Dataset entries

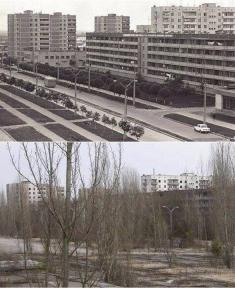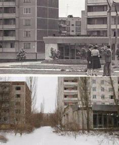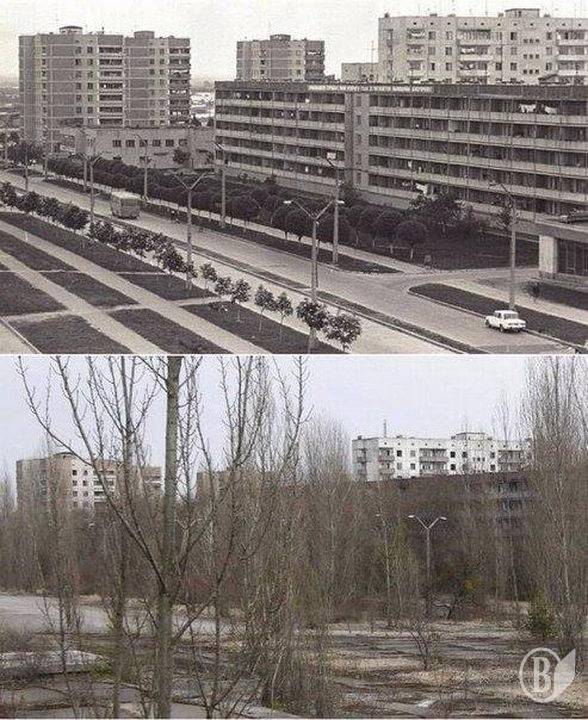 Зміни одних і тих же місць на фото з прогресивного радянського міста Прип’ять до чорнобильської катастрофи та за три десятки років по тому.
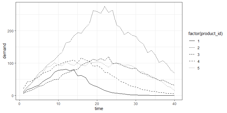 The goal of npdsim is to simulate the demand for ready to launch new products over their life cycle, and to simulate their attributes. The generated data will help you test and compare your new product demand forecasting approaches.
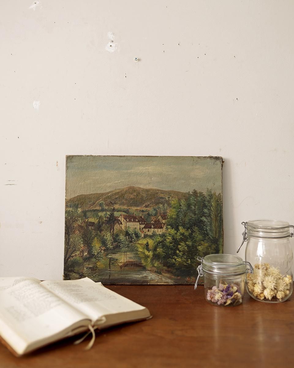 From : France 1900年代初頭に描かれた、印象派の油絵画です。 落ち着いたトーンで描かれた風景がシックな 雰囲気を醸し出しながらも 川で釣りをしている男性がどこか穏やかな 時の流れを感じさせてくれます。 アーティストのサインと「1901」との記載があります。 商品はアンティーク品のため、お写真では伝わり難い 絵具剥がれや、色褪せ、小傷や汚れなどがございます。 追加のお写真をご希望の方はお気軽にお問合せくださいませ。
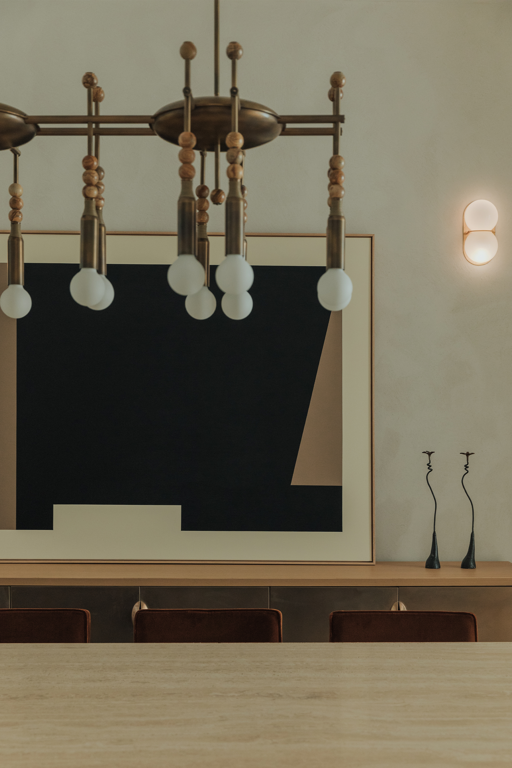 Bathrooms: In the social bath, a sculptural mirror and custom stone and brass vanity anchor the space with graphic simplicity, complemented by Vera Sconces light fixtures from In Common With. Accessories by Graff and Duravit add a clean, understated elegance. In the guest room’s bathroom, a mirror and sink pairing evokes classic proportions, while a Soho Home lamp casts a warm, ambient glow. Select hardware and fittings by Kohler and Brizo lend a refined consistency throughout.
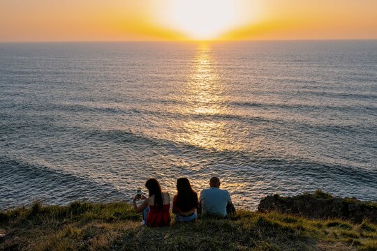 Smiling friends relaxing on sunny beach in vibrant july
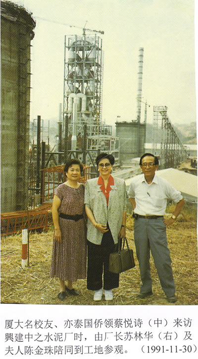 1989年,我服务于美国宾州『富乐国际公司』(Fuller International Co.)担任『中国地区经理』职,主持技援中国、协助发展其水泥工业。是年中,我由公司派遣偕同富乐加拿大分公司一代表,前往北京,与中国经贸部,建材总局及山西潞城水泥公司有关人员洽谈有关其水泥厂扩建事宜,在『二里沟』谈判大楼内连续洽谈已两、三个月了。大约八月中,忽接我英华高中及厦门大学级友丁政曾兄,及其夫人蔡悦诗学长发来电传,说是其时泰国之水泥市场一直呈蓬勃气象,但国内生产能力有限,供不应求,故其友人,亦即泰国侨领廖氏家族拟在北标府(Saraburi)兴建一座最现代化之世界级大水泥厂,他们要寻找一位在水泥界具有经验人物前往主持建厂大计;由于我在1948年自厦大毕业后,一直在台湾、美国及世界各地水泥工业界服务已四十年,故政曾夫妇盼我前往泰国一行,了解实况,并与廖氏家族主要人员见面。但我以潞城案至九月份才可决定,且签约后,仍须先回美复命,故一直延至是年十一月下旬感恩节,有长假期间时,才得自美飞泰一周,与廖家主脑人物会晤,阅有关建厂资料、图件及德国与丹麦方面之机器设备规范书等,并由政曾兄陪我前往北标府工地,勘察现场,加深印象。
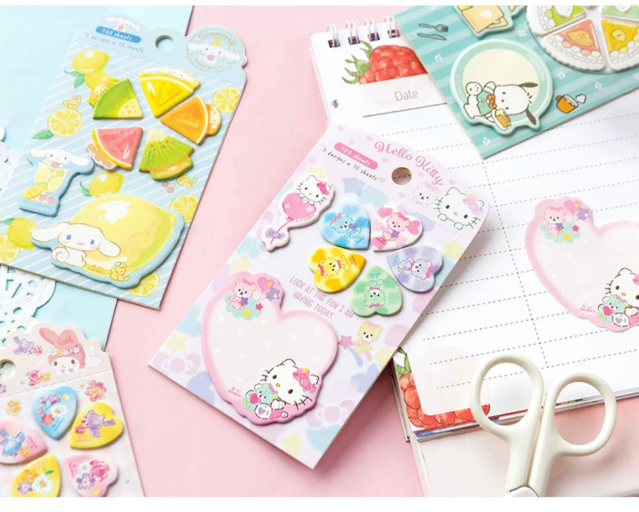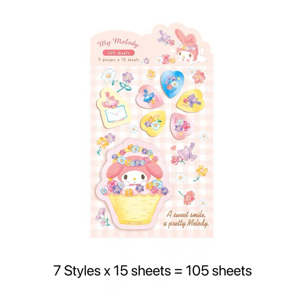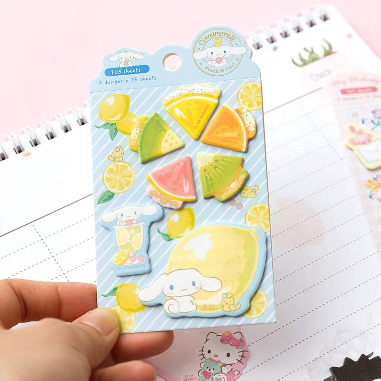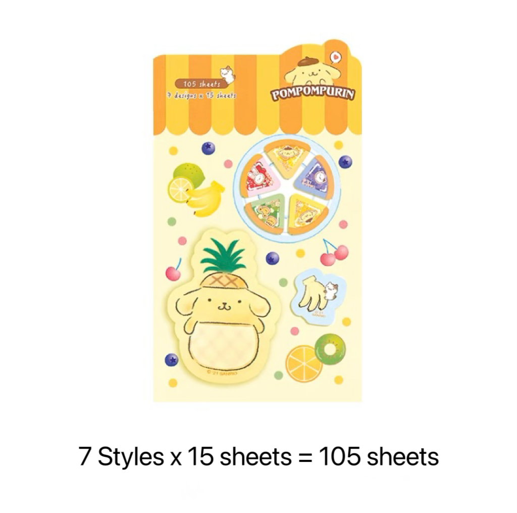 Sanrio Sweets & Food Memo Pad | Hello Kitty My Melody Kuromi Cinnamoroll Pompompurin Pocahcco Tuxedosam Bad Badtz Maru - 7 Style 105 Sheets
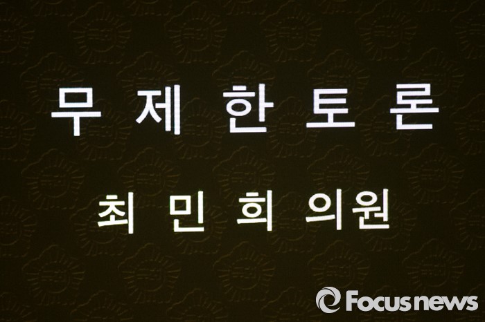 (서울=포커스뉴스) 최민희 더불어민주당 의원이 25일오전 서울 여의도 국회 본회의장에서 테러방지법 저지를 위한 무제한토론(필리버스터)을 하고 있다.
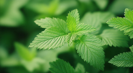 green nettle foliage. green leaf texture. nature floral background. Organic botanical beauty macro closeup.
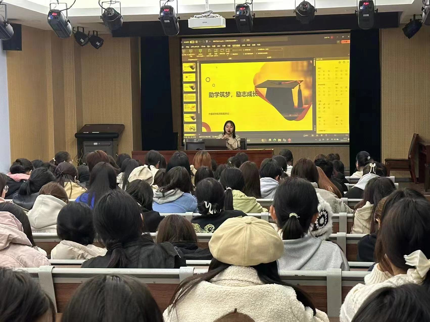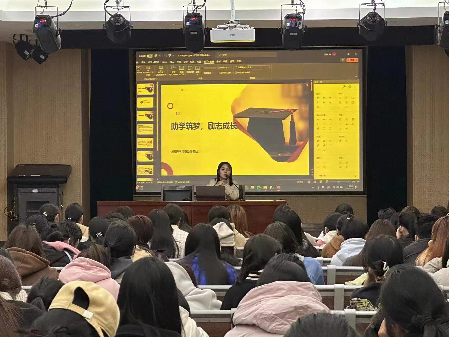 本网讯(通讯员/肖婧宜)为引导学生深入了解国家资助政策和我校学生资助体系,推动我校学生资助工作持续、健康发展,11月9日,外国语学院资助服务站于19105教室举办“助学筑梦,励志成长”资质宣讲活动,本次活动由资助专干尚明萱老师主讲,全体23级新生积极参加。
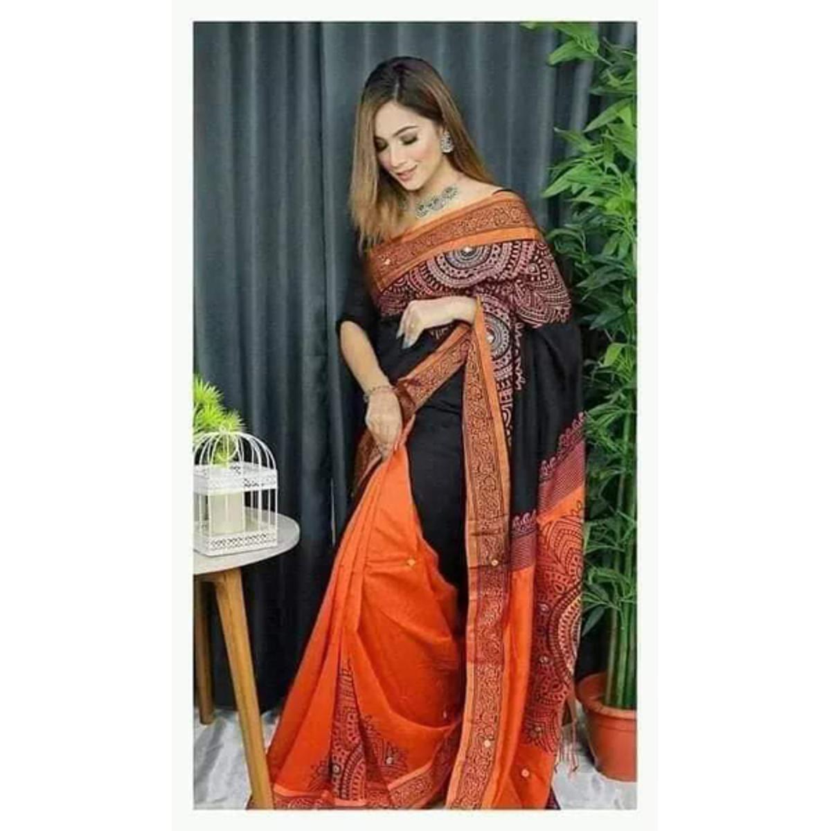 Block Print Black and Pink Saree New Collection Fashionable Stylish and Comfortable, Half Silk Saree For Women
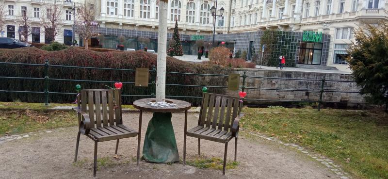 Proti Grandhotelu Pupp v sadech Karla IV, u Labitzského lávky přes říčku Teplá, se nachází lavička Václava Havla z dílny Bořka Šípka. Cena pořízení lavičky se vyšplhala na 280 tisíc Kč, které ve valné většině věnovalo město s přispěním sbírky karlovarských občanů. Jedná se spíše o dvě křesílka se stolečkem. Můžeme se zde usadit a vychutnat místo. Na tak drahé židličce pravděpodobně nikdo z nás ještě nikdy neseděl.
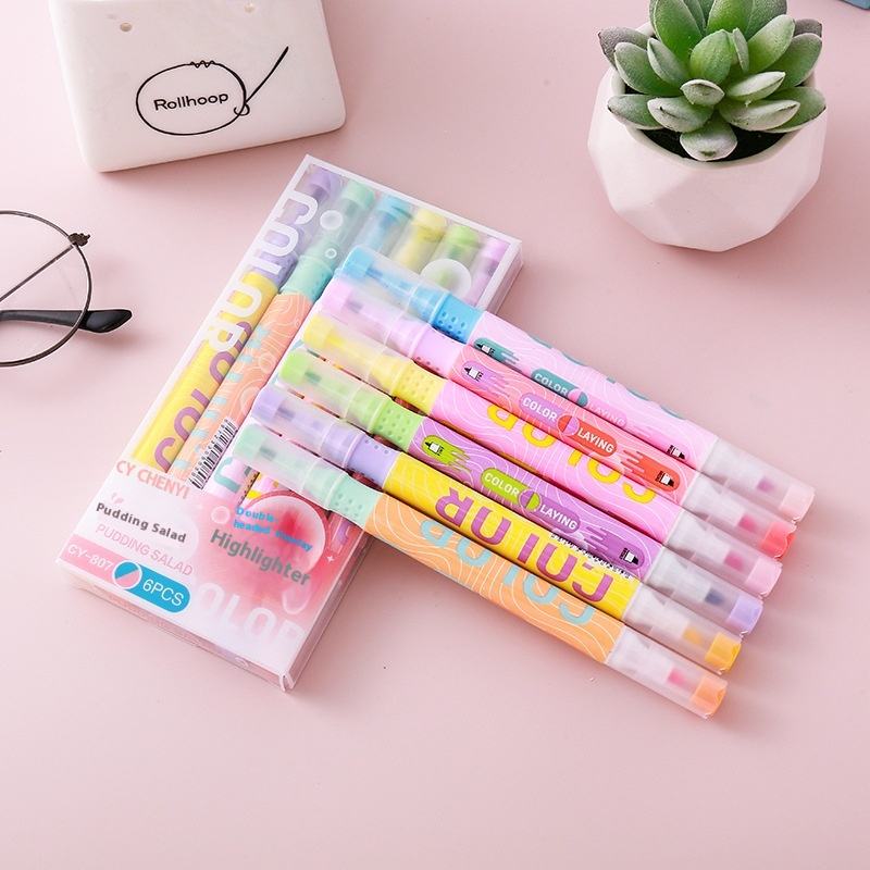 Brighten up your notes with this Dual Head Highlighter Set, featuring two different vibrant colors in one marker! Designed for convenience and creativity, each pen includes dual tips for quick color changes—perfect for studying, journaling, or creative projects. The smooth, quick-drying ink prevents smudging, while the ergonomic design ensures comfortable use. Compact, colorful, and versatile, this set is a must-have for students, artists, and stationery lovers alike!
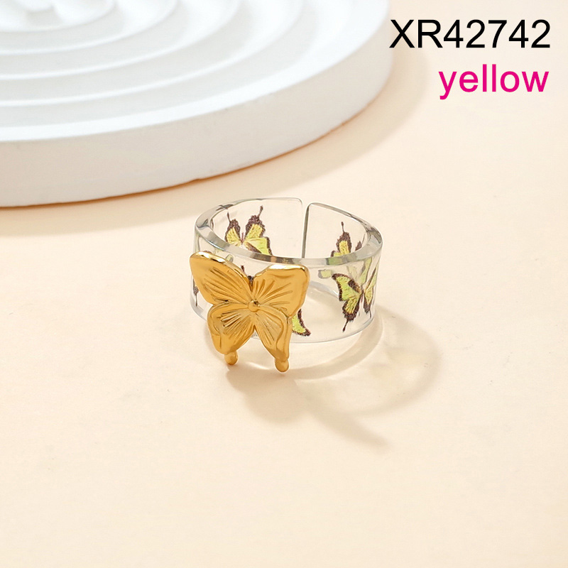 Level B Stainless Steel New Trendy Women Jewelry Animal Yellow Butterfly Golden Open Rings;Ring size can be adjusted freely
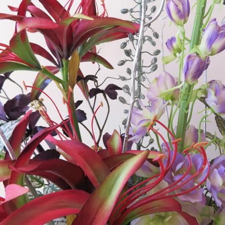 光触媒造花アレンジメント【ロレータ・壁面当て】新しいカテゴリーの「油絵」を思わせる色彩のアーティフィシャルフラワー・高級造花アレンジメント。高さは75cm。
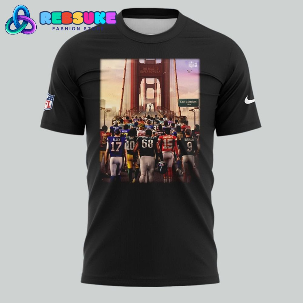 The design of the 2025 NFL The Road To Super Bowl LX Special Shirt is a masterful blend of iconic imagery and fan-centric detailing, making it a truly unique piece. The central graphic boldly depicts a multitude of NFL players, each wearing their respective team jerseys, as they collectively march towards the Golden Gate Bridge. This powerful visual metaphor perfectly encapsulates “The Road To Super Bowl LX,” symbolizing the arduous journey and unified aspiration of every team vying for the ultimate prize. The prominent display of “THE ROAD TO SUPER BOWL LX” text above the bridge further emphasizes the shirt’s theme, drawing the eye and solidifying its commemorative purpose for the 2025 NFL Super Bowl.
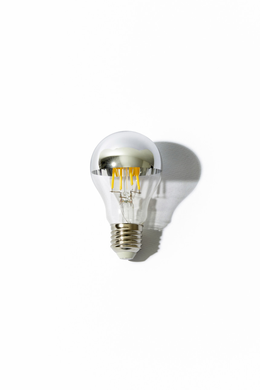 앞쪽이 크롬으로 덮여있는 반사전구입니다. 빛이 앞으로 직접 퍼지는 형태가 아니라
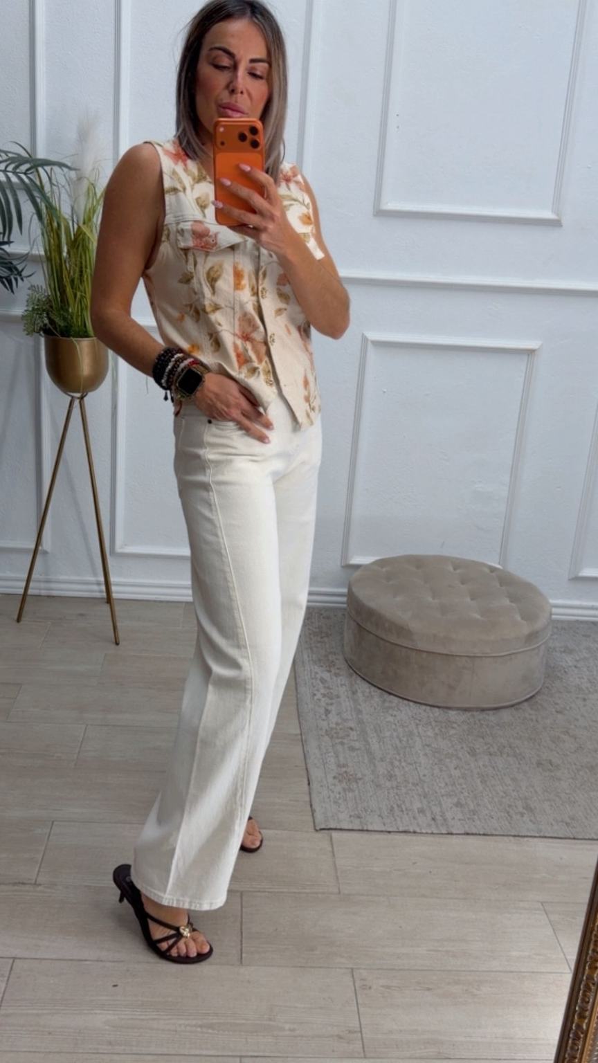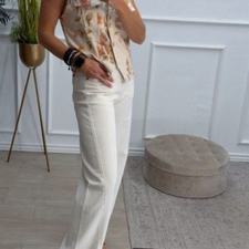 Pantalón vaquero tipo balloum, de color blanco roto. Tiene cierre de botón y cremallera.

> [About this task]: Using the records above, return word for word the lines that begin at the one containing "The goal of" and end at the one containing "Smiling friends relaxing", both of them included and no pictures.

> [Exercise answer]:
 The goal of npdsim is to simulate the demand for ready to launch new products over their life cycle, and to simulate their attributes. The generated data will help you test and compare your new product demand forecasting approaches.
 From : France 1900年代初頭に描かれた、印象派の油絵画です。 落ち着いたトーンで描かれた風景がシックな 雰囲気を醸し出しながらも 川で釣りをしている男性がどこか穏やかな 時の流れを感じさせてくれます。 アーティストのサインと「1901」との記載があります。 商品はアンティーク品のため、お写真では伝わり難い 絵具剥がれや、色褪せ、小傷や汚れなどがございます。 追加のお写真をご希望の方はお気軽にお問合せくださいませ。
 Bathrooms: In the social bath, a sculptural mirror and custom stone and brass vanity anchor the space with graphic simplicity, complemented by Vera Sconces light fixtures from In Common With. Accessories by Graff and Duravit add a clean, understated elegance. In the guest room’s bathroom, a mirror and sink pairing evokes classic proportions, while a Soho Home lamp casts a warm, ambient glow. Select hardware and fittings by Kohler and Brizo lend a refined consistency throughout.
 Smiling friends relaxing on sunny beach in vibrant july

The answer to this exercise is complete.